- Material shown -

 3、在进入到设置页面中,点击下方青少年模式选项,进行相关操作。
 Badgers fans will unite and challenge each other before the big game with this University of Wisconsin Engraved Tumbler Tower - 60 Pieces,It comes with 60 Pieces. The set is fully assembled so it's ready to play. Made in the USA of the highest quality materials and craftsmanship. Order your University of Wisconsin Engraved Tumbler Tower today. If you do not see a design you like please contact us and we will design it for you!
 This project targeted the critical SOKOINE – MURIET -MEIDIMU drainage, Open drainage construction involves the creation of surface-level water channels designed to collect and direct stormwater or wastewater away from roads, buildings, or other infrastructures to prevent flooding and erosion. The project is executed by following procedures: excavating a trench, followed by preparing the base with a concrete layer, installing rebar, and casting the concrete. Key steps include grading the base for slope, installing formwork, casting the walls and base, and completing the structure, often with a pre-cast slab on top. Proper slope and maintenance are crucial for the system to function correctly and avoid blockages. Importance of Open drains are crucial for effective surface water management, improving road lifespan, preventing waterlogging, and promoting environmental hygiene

...

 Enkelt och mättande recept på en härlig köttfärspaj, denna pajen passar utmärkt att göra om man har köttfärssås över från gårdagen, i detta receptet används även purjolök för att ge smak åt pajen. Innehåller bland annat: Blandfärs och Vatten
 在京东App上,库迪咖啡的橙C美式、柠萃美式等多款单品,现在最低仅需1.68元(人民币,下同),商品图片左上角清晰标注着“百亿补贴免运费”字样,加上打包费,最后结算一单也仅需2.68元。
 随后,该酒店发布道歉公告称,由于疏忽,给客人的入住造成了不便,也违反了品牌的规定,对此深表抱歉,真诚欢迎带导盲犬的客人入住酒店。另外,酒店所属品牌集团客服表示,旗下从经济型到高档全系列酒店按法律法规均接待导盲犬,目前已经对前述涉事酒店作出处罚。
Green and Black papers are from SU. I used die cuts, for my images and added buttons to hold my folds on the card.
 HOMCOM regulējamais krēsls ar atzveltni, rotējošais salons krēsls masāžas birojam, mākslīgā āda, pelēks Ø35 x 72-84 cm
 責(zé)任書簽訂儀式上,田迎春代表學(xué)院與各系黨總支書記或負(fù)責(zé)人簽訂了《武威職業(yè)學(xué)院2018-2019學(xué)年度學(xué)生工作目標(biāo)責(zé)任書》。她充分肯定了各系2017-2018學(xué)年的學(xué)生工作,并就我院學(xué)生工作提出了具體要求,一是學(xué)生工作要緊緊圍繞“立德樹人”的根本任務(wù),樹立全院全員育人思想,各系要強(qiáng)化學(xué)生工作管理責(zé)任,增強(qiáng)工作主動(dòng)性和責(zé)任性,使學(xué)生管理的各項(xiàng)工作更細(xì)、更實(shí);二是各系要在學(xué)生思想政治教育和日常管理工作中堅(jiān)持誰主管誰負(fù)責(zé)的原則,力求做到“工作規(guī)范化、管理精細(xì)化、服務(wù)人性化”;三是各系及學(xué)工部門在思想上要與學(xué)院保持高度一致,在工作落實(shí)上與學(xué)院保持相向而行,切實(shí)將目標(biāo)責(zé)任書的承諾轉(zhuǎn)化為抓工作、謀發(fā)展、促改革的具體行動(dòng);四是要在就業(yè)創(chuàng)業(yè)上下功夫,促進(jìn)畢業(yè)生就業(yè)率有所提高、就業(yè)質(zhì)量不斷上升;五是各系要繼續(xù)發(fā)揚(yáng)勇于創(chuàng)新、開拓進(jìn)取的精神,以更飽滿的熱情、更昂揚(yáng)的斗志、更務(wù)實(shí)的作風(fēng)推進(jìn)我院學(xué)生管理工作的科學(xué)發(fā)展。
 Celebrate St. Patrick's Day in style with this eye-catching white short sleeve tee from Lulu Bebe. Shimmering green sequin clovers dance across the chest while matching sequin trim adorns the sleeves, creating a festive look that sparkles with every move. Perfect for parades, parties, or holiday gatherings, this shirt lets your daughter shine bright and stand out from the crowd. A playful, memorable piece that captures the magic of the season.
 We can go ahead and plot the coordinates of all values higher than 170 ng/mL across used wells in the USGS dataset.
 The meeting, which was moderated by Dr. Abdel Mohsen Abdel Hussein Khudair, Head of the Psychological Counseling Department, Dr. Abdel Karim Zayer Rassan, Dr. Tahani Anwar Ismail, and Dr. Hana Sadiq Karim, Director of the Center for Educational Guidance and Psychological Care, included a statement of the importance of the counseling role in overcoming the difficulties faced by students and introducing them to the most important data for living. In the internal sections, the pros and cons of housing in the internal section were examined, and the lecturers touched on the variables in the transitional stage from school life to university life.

--

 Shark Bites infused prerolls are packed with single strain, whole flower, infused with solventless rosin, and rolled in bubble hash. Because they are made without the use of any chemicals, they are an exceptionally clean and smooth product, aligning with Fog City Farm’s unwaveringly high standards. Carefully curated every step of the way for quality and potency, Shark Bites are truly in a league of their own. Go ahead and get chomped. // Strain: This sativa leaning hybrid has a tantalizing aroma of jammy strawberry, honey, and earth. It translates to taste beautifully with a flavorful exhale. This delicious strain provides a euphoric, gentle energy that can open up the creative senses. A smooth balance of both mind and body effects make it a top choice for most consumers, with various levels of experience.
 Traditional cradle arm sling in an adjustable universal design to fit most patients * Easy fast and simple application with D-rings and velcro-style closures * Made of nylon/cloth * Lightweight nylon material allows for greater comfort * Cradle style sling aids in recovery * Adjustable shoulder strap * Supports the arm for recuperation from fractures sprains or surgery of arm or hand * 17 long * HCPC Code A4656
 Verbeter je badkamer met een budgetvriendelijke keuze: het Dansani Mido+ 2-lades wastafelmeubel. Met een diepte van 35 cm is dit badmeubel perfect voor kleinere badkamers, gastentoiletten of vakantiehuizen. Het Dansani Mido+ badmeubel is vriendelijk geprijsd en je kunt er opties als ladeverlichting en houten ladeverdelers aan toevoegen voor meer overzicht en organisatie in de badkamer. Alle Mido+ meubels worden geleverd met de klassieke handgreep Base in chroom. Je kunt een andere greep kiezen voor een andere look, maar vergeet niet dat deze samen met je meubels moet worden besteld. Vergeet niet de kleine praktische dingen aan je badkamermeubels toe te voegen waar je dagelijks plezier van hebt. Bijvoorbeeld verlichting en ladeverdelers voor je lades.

- Problem details -
Show every line above where "style" is found.

- Result for this task -
 Celebrate St. Patrick's Day in style with this eye-catching white short sleeve tee from Lulu Bebe. Shimmering green sequin clovers dance across the chest while matching sequin trim adorns the sleeves, creating a festive look that sparkles with every move. Perfect for parades, parties, or holiday gatherings, this shirt lets your daughter shine bright and stand out from the crowd. A playful, memorable piece that captures the magic of the season.
 Traditional cradle arm sling in an adjustable universal design to fit most patients * Easy fast and simple application with D-rings and velcro-style closures * Made of nylon/cloth * Lightweight nylon material allows for greater comfort * Cradle style sling aids in recovery * Adjustable shoulder strap * Supports the arm for recuperation from fractures sprains or surgery of arm or hand * 17 long * HCPC Code A4656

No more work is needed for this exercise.